• [EXERCISE MATERIAL]:
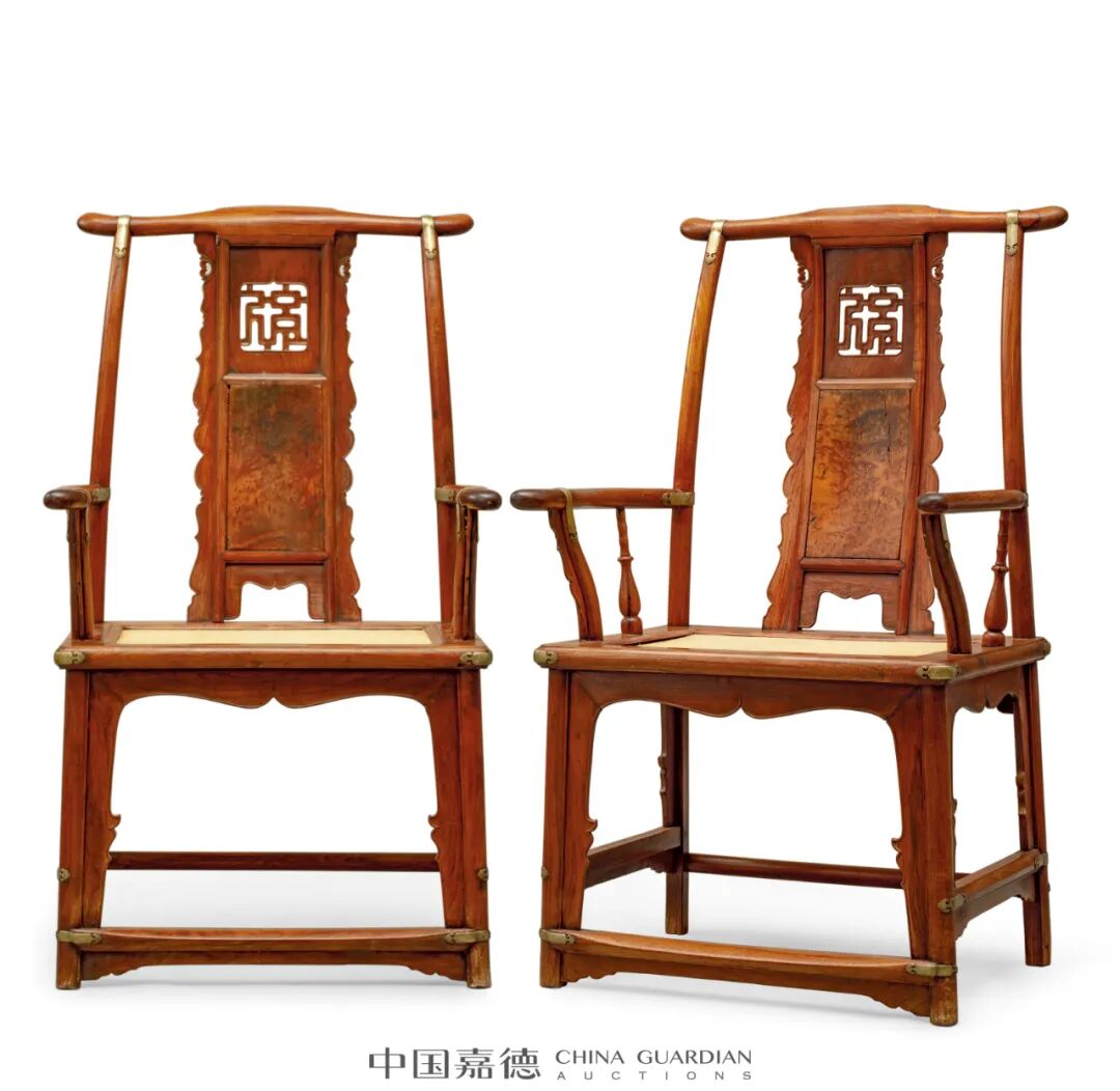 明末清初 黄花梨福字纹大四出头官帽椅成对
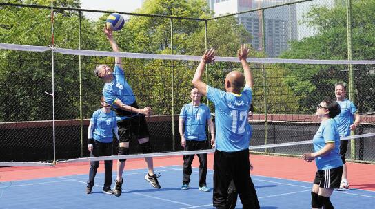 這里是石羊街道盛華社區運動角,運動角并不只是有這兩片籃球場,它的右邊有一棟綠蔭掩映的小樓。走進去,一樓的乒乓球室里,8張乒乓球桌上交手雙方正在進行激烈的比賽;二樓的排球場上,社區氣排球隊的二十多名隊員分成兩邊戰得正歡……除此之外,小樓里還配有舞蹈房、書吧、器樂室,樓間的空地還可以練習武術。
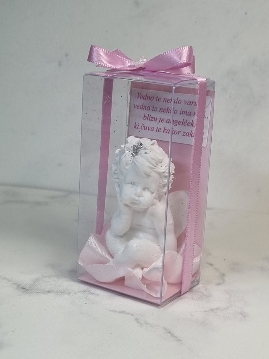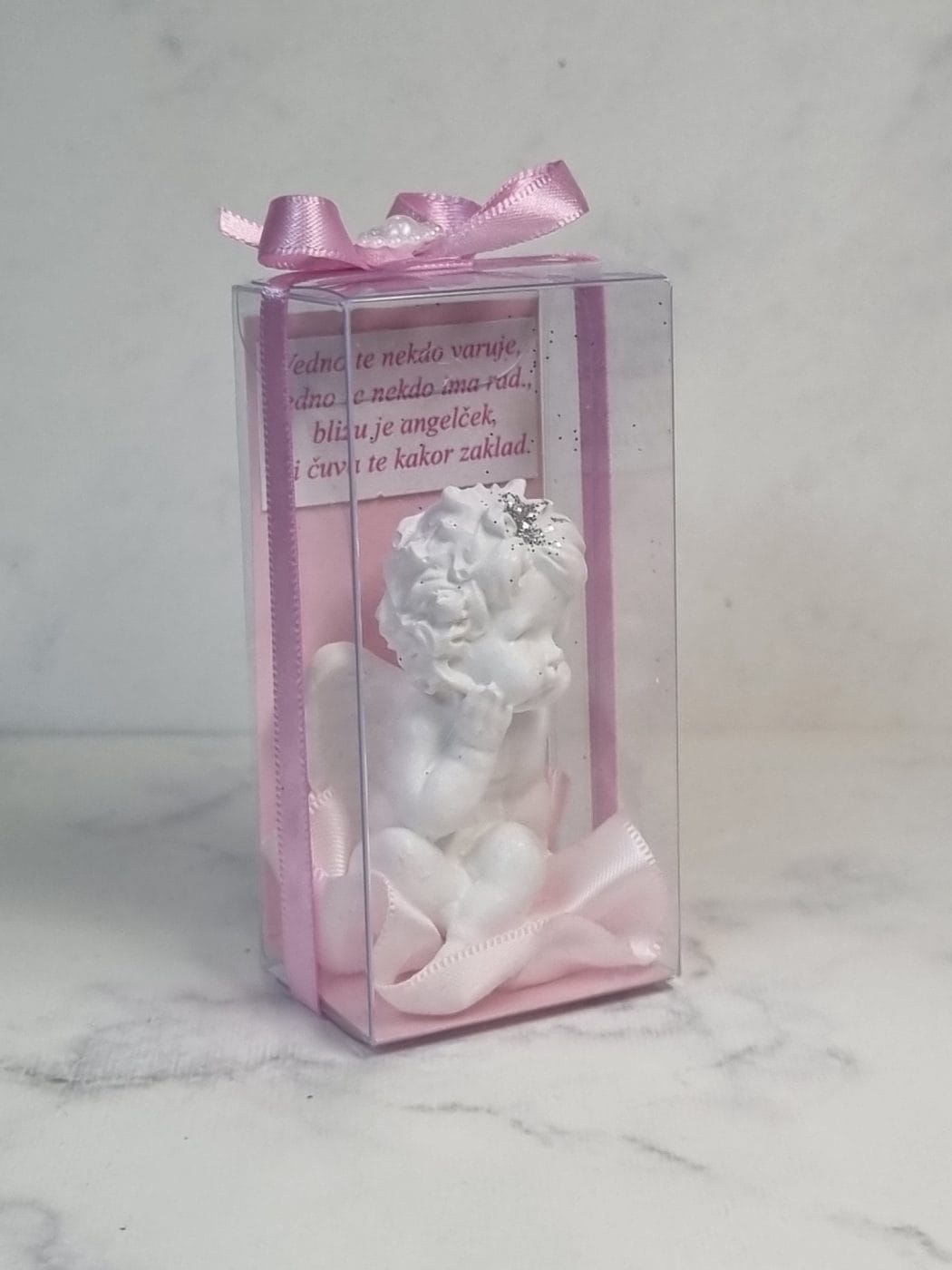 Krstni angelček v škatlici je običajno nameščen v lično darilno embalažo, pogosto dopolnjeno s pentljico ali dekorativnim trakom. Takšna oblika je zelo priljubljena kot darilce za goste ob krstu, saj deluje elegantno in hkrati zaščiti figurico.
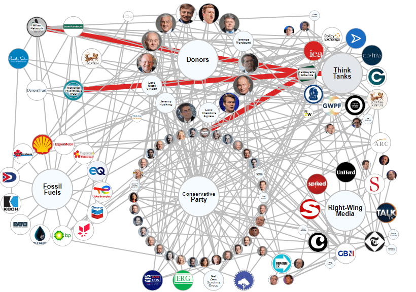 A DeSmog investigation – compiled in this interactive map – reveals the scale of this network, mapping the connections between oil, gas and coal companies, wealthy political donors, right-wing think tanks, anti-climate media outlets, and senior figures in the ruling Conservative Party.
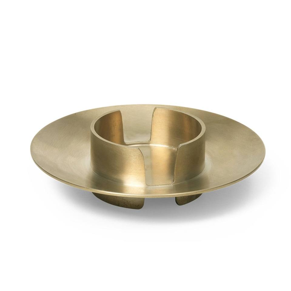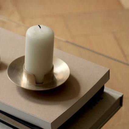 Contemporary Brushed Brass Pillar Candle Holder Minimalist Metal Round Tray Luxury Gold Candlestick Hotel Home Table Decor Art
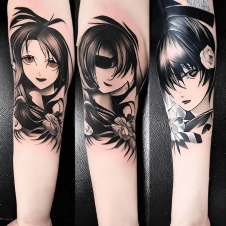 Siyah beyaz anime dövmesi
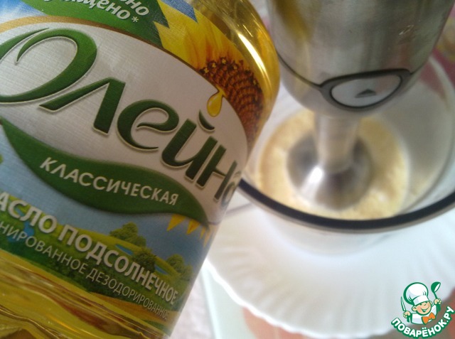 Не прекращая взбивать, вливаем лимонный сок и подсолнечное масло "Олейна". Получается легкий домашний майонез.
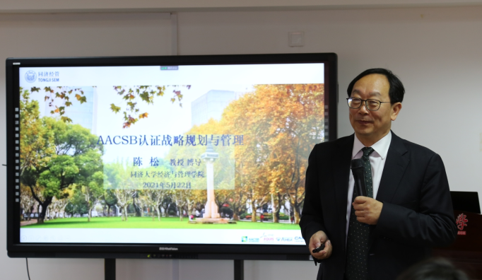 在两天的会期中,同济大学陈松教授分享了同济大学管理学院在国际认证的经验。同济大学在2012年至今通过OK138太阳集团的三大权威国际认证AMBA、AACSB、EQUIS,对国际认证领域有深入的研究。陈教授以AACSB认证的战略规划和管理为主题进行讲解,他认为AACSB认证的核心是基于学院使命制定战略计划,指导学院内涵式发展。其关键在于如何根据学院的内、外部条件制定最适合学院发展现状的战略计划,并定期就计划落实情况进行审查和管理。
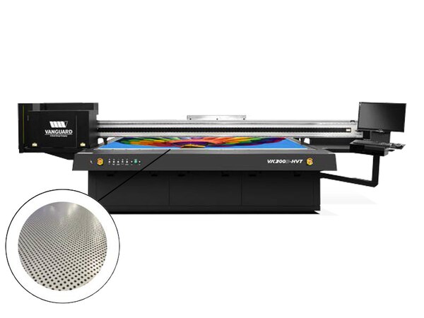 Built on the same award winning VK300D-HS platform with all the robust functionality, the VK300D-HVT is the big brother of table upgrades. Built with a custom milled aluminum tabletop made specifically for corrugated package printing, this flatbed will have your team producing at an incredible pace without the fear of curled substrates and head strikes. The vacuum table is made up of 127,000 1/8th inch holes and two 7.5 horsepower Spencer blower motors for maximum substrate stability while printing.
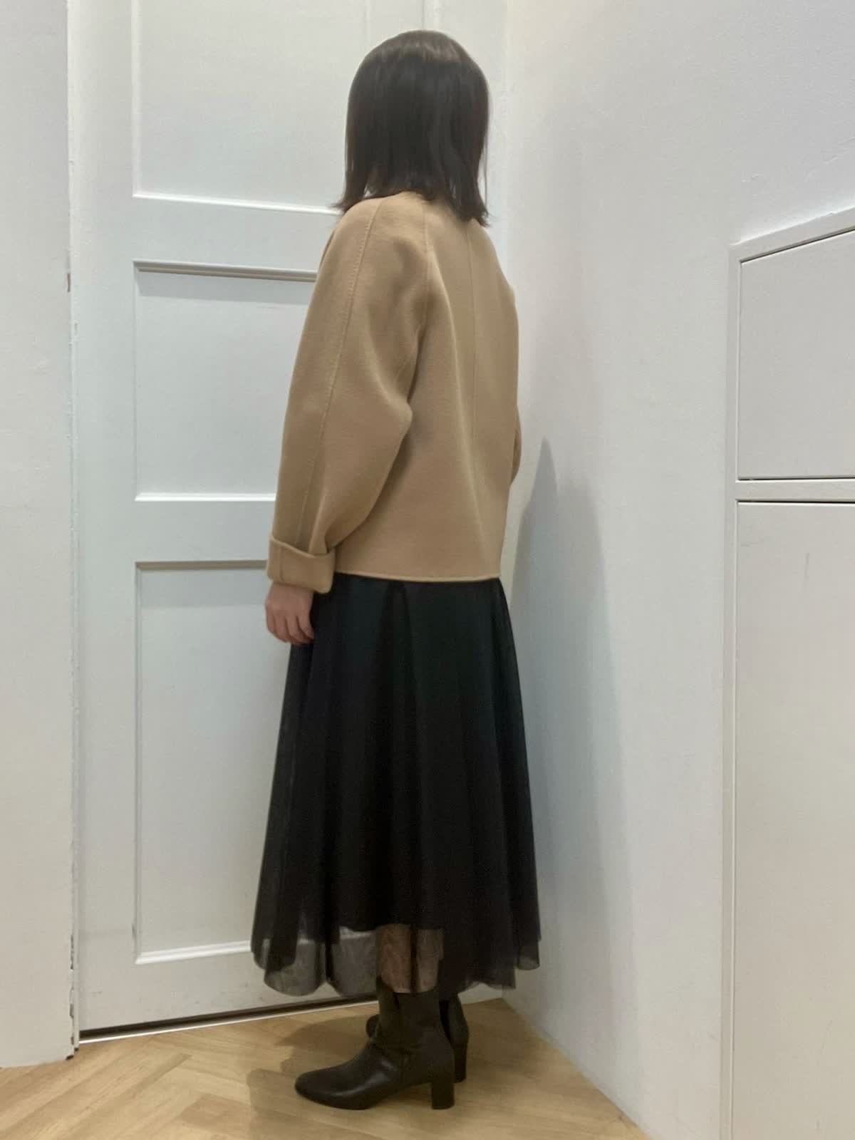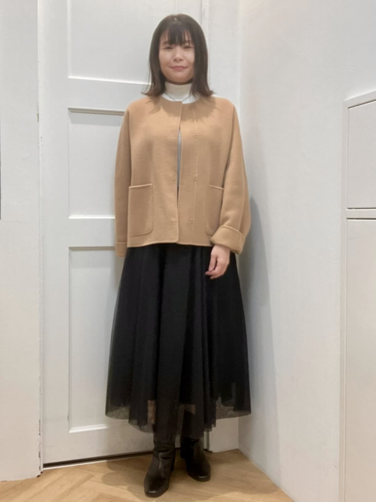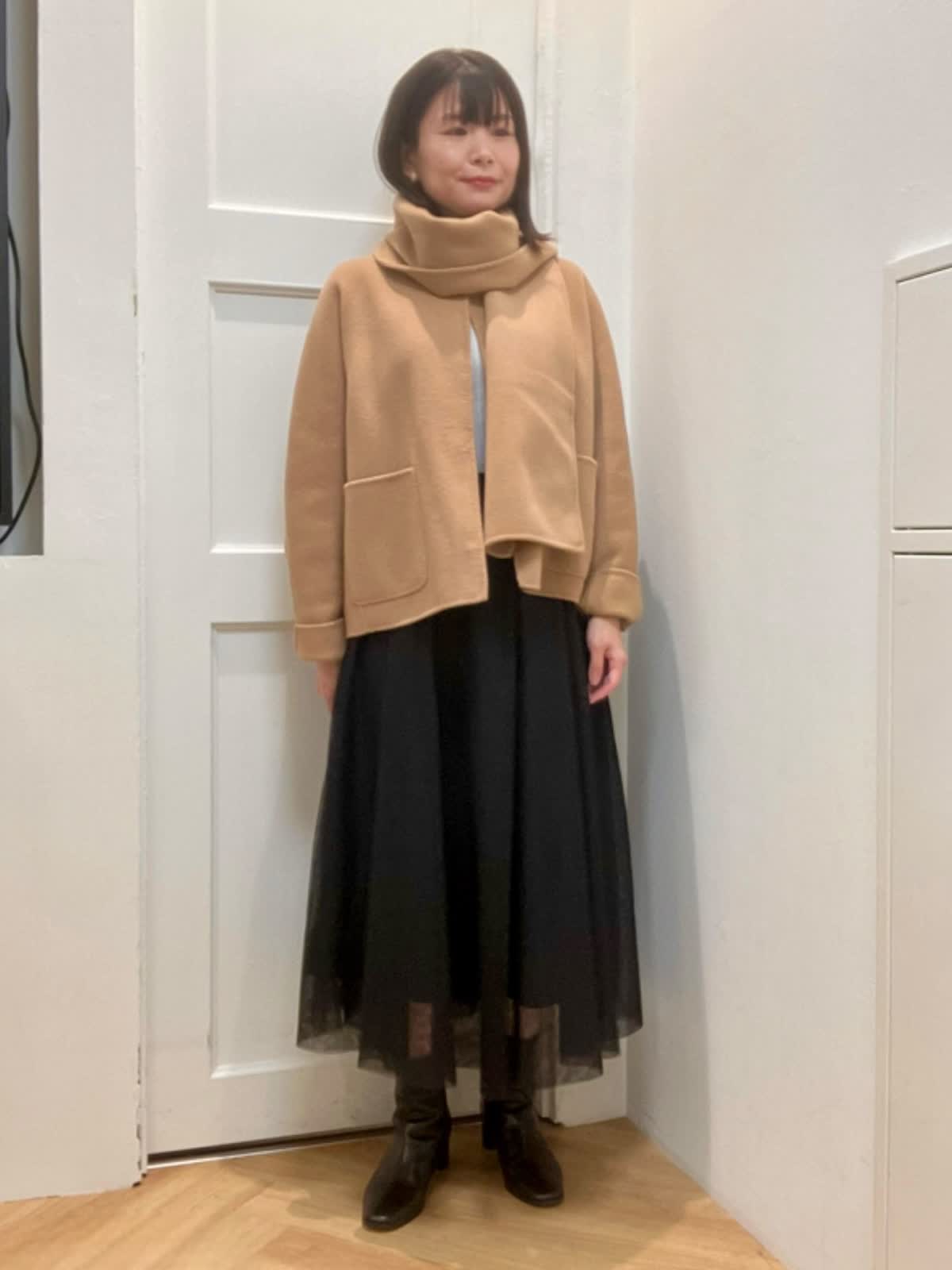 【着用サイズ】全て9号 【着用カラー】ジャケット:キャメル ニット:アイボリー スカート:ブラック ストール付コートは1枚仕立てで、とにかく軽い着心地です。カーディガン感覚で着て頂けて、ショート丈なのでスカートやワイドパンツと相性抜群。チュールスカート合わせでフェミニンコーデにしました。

• [GOAL OF THE EXERCISE]:
Could you write out the records again exactly, without any of their pictures?

• [ANSWER SPACE]:
 明末清初 黄花梨福字纹大四出头官帽椅成对
 這里是石羊街道盛華社區運動角,運動角并不只是有這兩片籃球場,它的右邊有一棟綠蔭掩映的小樓。走進去,一樓的乒乓球室里,8張乒乓球桌上交手雙方正在進行激烈的比賽;二樓的排球場上,社區氣排球隊的二十多名隊員分成兩邊戰得正歡……除此之外,小樓里還配有舞蹈房、書吧、器樂室,樓間的空地還可以練習武術。
 Krstni angelček v škatlici je običajno nameščen v lično darilno embalažo, pogosto dopolnjeno s pentljico ali dekorativnim trakom. Takšna oblika je zelo priljubljena kot darilce za goste ob krstu, saj deluje elegantno in hkrati zaščiti figurico.
 A DeSmog investigation – compiled in this interactive map – reveals the scale of this network, mapping the connections between oil, gas and coal companies, wealthy political donors, right-wing think tanks, anti-climate media outlets, and senior figures in the ruling Conservative Party.
 Contemporary Brushed Brass Pillar Candle Holder Minimalist Metal Round Tray Luxury Gold Candlestick Hotel Home Table Decor Art
 Siyah beyaz anime dövmesi
 Не прекращая взбивать, вливаем лимонный сок и подсолнечное масло "Олейна". Получается легкий домашний майонез.
 在两天的会期中,同济大学陈松教授分享了同济大学管理学院在国际认证的经验。同济大学在2012年至今通过OK138太阳集团的三大权威国际认证AMBA、AACSB、EQUIS,对国际认证领域有深入的研究。陈教授以AACSB认证的战略规划和管理为主题进行讲解,他认为AACSB认证的核心是基于学院使命制定战略计划,指导学院内涵式发展。其关键在于如何根据学院的内、外部条件制定最适合学院发展现状的战略计划,并定期就计划落实情况进行审查和管理。
 Built on the same award winning VK300D-HS platform with all the robust functionality, the VK300D-HVT is the big brother of table upgrades. Built with a custom milled aluminum tabletop made specifically for corrugated package printing, this flatbed will have your team producing at an incredible pace without the fear of curled substrates and head strikes. The vacuum table is made up of 127,000 1/8th inch holes and two 7.5 horsepower Spencer blower motors for maximum substrate stability while printing.
 【着用サイズ】全て9号 【着用カラー】ジャケット:キャメル ニット:アイボリー スカート:ブラック ストール付コートは1枚仕立てで、とにかく軽い着心地です。カーディガン感覚で着て頂けて、ショート丈なのでスカートやワイドパンツと相性抜群。チュールスカート合わせでフェミニンコーデにしました。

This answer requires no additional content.